### [Data section]

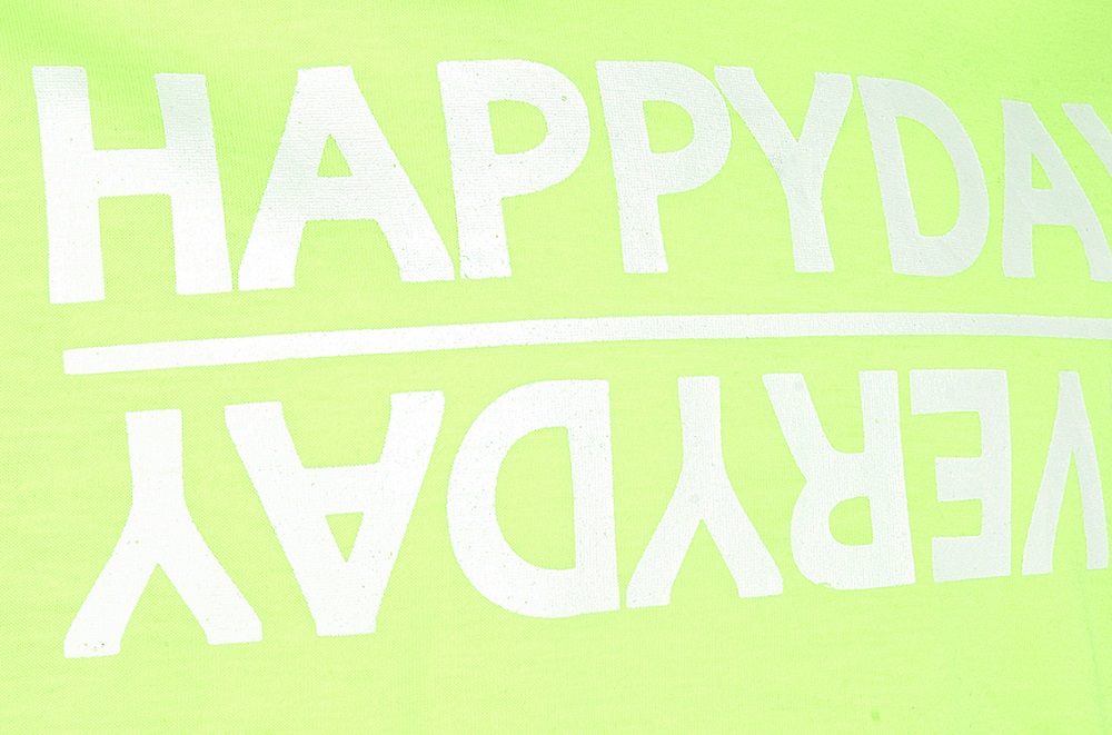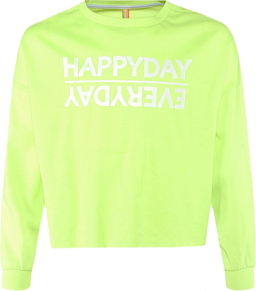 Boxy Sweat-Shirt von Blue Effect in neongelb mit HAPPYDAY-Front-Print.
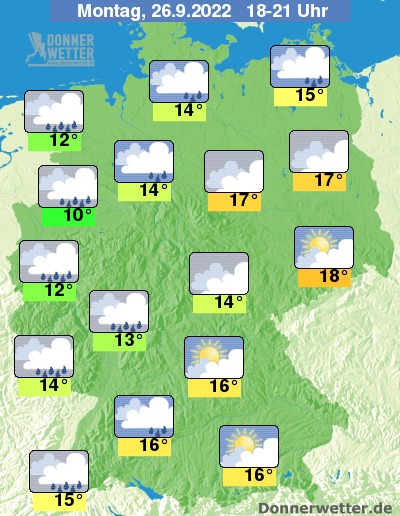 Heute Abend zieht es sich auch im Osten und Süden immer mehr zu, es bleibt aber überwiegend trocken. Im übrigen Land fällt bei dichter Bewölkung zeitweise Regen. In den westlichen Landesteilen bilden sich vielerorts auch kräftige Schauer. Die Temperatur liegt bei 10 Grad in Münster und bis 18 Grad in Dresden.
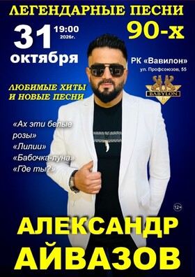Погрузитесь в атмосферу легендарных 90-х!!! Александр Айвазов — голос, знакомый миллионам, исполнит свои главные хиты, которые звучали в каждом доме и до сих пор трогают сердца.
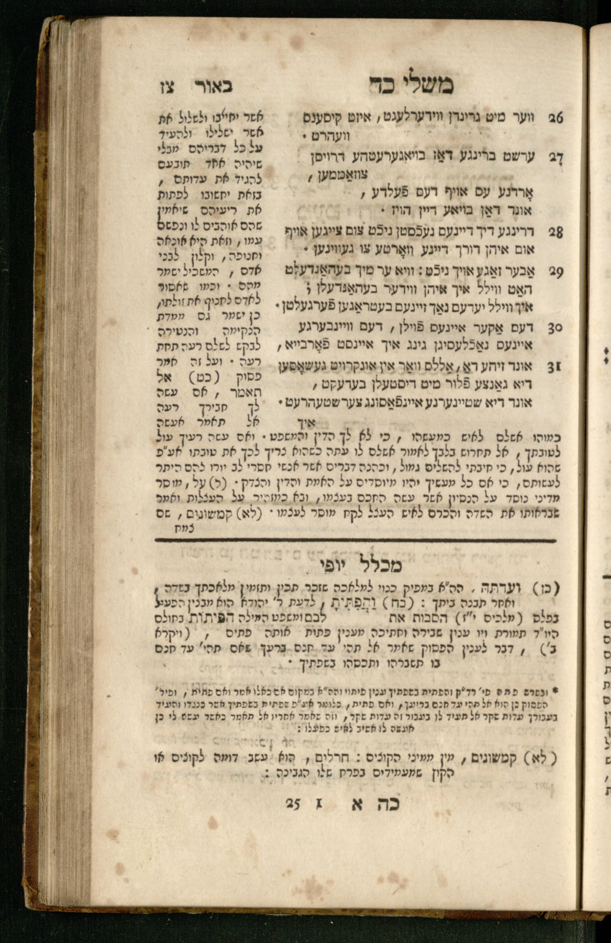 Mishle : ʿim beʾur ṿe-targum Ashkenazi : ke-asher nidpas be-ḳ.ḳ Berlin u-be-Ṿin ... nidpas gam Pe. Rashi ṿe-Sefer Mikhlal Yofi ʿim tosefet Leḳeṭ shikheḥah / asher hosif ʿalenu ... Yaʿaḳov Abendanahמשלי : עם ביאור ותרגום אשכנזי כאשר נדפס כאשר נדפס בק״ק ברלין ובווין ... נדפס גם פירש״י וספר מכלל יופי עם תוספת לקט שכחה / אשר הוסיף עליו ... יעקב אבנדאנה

### [Task]
In the answer, the data should reappear exactly, with no pictures.

### [Output for this task]
 Boxy Sweat-Shirt von Blue Effect in neongelb mit HAPPYDAY-Front-Print.
 Heute Abend zieht es sich auch im Osten und Süden immer mehr zu, es bleibt aber überwiegend trocken. Im übrigen Land fällt bei dichter Bewölkung zeitweise Regen. In den westlichen Landesteilen bilden sich vielerorts auch kräftige Schauer. Die Temperatur liegt bei 10 Grad in Münster und bis 18 Grad in Dresden.
Погрузитесь в атмосферу легендарных 90-х!!! Александр Айвазов — голос, знакомый миллионам, исполнит свои главные хиты, которые звучали в каждом доме и до сих пор трогают сердца.
 Mishle : ʿim beʾur ṿe-targum Ashkenazi : ke-asher nidpas be-ḳ.ḳ Berlin u-be-Ṿin ... nidpas gam Pe. Rashi ṿe-Sefer Mikhlal Yofi ʿim tosefet Leḳeṭ shikheḥah / asher hosif ʿalenu ... Yaʿaḳov Abendanahמשלי : עם ביאור ותרגום אשכנזי כאשר נדפס כאשר נדפס בק״ק ברלין ובווין ... נדפס גם פירש״י וספר מכלל יופי עם תוספת לקט שכחה / אשר הוסיף עליו ... יעקב אבנדאנה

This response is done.